The horizontal lines on both images of Figure 7 mark specific values for the angle $\alpha$. The dashed gray, dash-dotted blue, and the solid green lines in Figure 7 correspond to $\alpha =0$, $\alpha =-1/\left(2\pi \right)$, and $\alpha ={\alpha }_{ML}\left(m\right)$ (given in

Table 2. Values of the parameter ${\alpha }_{ML}\left(m\right)$ in Equation (18) for QRWS algorithm’s walk coin size $2\le m\le 20$. The primed values are derived from ML predictions, and the remaining come from Monte Carlo simulations.

m	2	3	4	5	6	7	8
$-{\alpha }_{ML}$	0.558	0.552	0.142	0.155	0.163	0.209	0.206
m	9	10	11	11	12	13	14
$-{\alpha }_{ML}$	0.185	0.168	0.150	0.170${}^{\prime }$	0.179${}^{\prime }$	0.180${}^{\prime }$	0.203${}^{\prime }$
m	15	16	17	18	19	20
$-{\alpha }_{ML}$	0.225${}^{\prime }$	0.197${}^{\prime }$	0.205${}^{\prime }$	0.206${}^{\prime }$	0.216${}^{\prime }$	0.223${}^{\prime }$

), respectively. The latter two lies close one to the other and both lie in regions with high probability p for all the simulated QRWS algorithms with walk coin size $m\ge 4$. This shows that the value $\alpha =-1/\left(2\pi \right)$ is relatively good and could be used in practice, even if the optimal value of $\alpha$ is not known precisely for quantum algorithms with even larger registers.

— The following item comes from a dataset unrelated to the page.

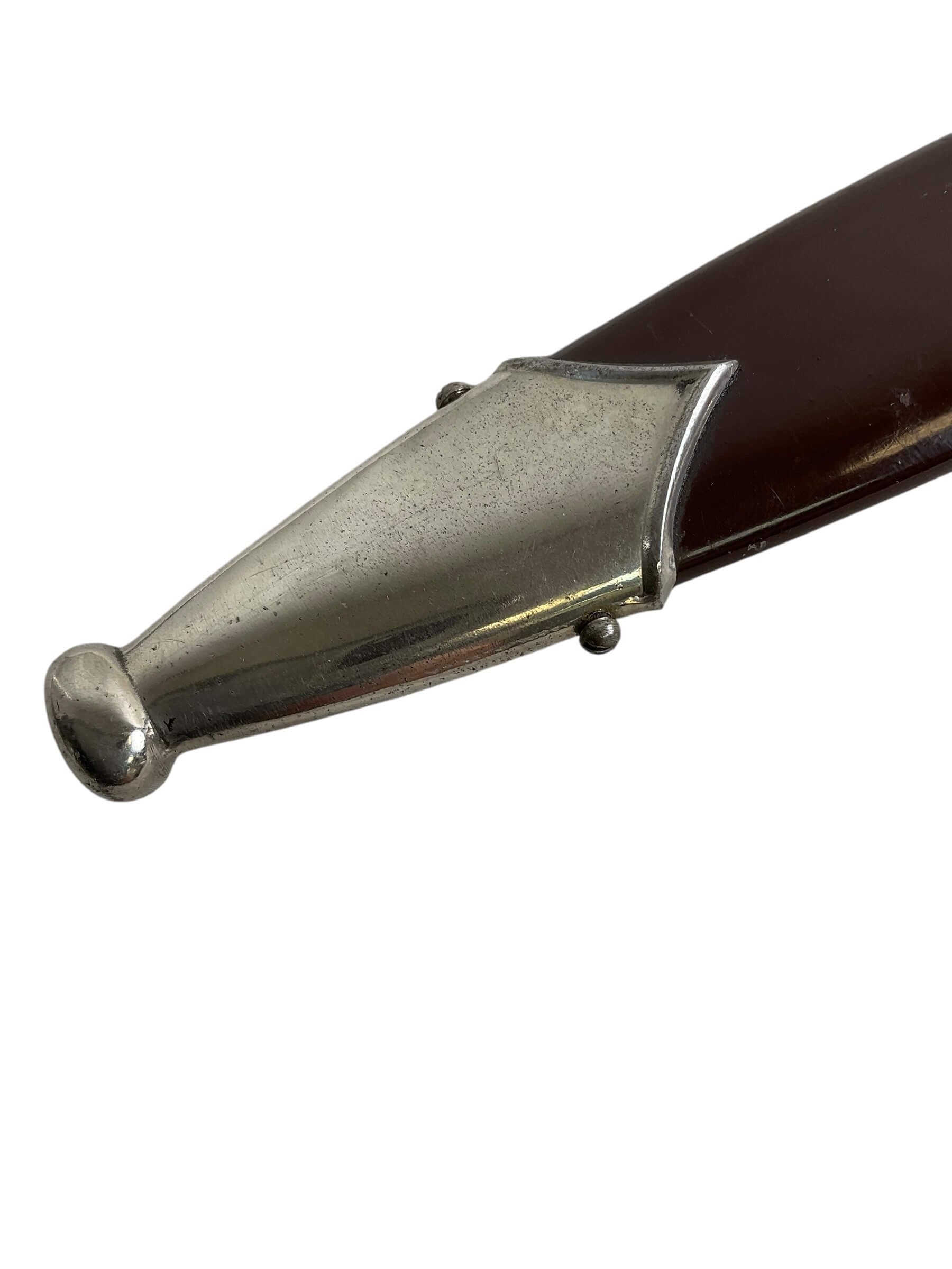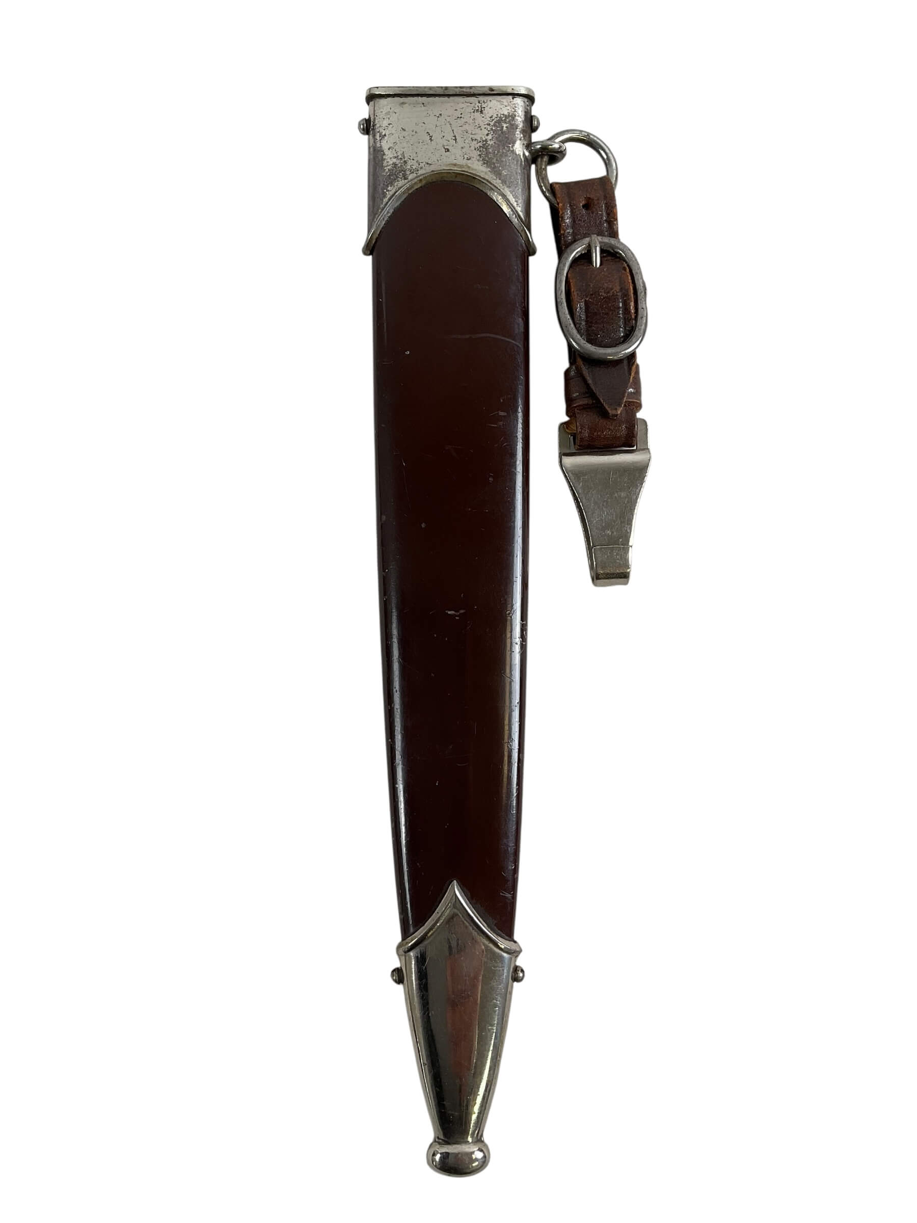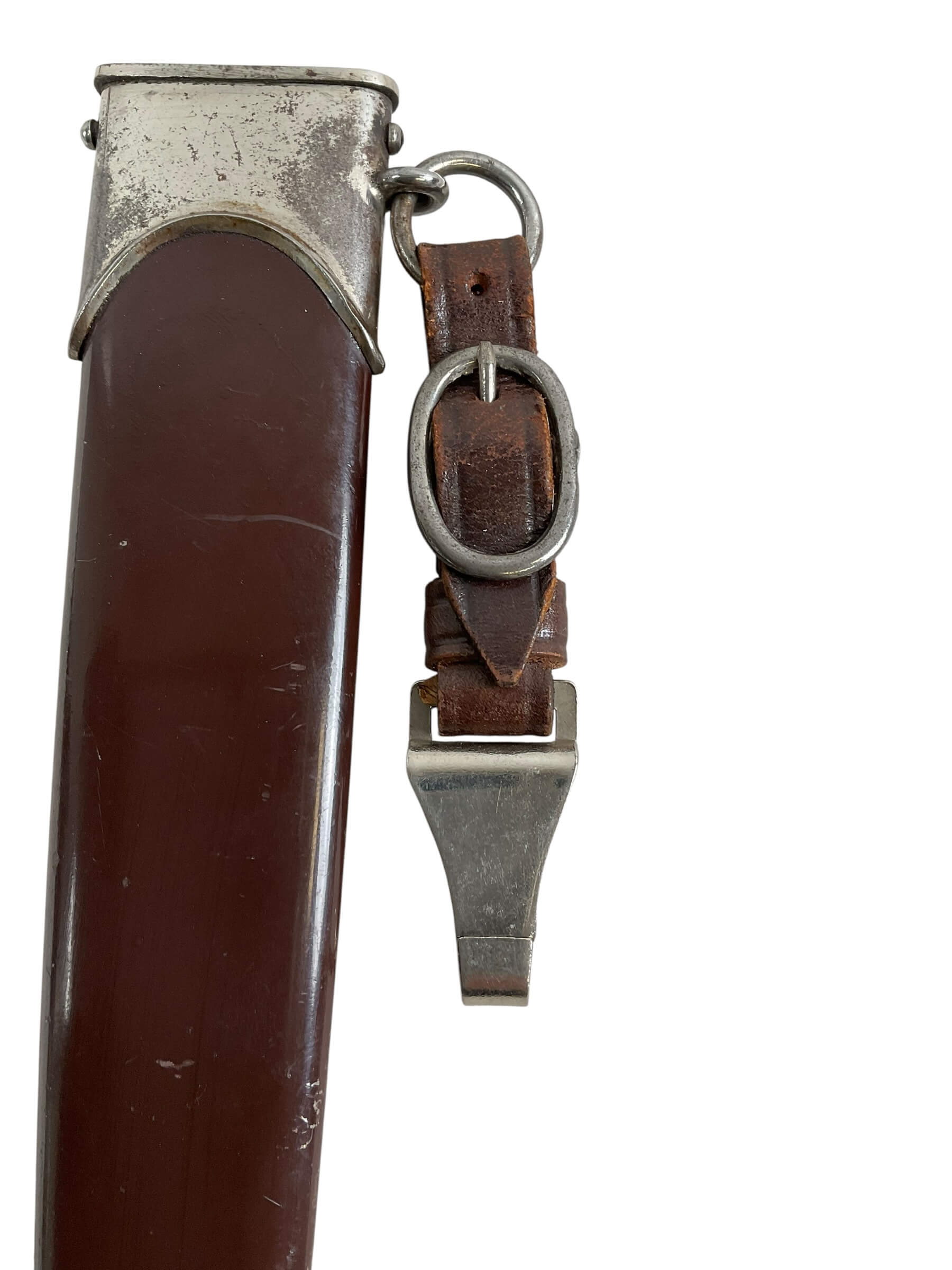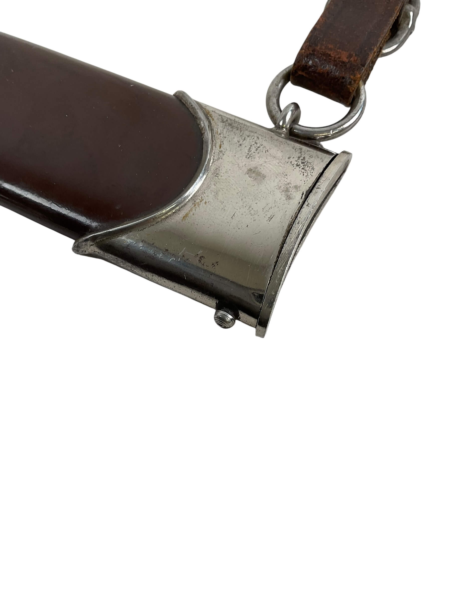 This WWII German SA Parts Dagger with Scabbard RZM M7/9 Maker is an authentic artifact from a critical period in history. This dagger, also known as a service dagger, was used by the Sturmabteilung (SA), the original paramilitary wing of the Nazi Party. The blade is marked with the RZM M7/9 insignia, indicating it was made by Klittermann & Moog and Hartkopf, renowned German manufacturers. The dagger comes with its original scabbard, adding to its historical value. The handle is meticulously crafted with wooden grips, while the blade is made of steel, exhibiting the high-quality German craftsmanship of the era. This item is not only a weapon but also an emblem of power and status. It provides an insightful glimpse into the ideologies and aesthetics of the era, making it an invaluable piece for collectors and history enthusiasts alike.

To give quantitative proof for the increased robustness of the QRWS algorithm, we make estimation of the root-mean-square (r.m.s) deviation of the probability $p\left(\varphi ,\alpha ,m\right)$ for a fixed uncertainty in the parameters $\alpha$ and $\varphi$, namely ${\sigma }_{\alpha }$ and ${\sigma }_{\varphi }$. The numerical computations of the r.m.s. deviation of the probability ${\sigma }_p$ for each coin size m are performed at fixed points—the nodes of a square grid in the plane $(\varphi ,\alpha )$. Each node is indexed by a pair of numbers i and j. The values of the parameter $\varphi$ are taken for 180 points equally spaced between 0 and $2\pi$, where ${\varphi }^i=2\pi /179(i-1),i=1,\dots ,180({\varphi }^0=0,{\varphi }^{180}=2\pi )$. Analogously, for $\alpha$ are taken 250 discrete values, so that ${\alpha }^j={\alpha }^{min}+\left(({\alpha }^{max}-{\alpha }^{min})\right)/249(j-1)$, where $j=1,\dots ,250$, ${\alpha }^{min}=-1.5$, and ${\alpha }^{max}=1$. We do not assume any correlation between these parameters and calculate the quantity:

$$\begin{array}{c}\hfill {\sigma }_p^{ij}=\frac{1}{p^{ij}}\sqrt{{\left(\frac{\partial p^{ij}}{\partial {\varphi }^i}\right)}^2{\sigma }_{\varphi }^2{({\varphi }^i-\pi )}^2+{\left(\frac{\partial p^{ij}}{\partial {\alpha }^j}\right)}^2{\sigma }_{\alpha }^2{({\alpha }^j-{\alpha }_{ML}\left(m\right))}^2}\end{array}$$

(19)

for each discrete point ${\varphi }_i$ and ${\alpha }_j$. We center the data around the points $(\pi ,{\alpha }_{ML}\left(m\right))$ which lie in the middle of the region giving the most stable implementation of the quantum algorithm. Here, ${\alpha }_{ML}\left(m\right),2\le m\le 10$ is the optimal value of the parameter $\alpha$ in Equation (18) obtained by fitting that expression to the numerical datapoints for QRWS with walk coin size m. Their values are given in Table 2.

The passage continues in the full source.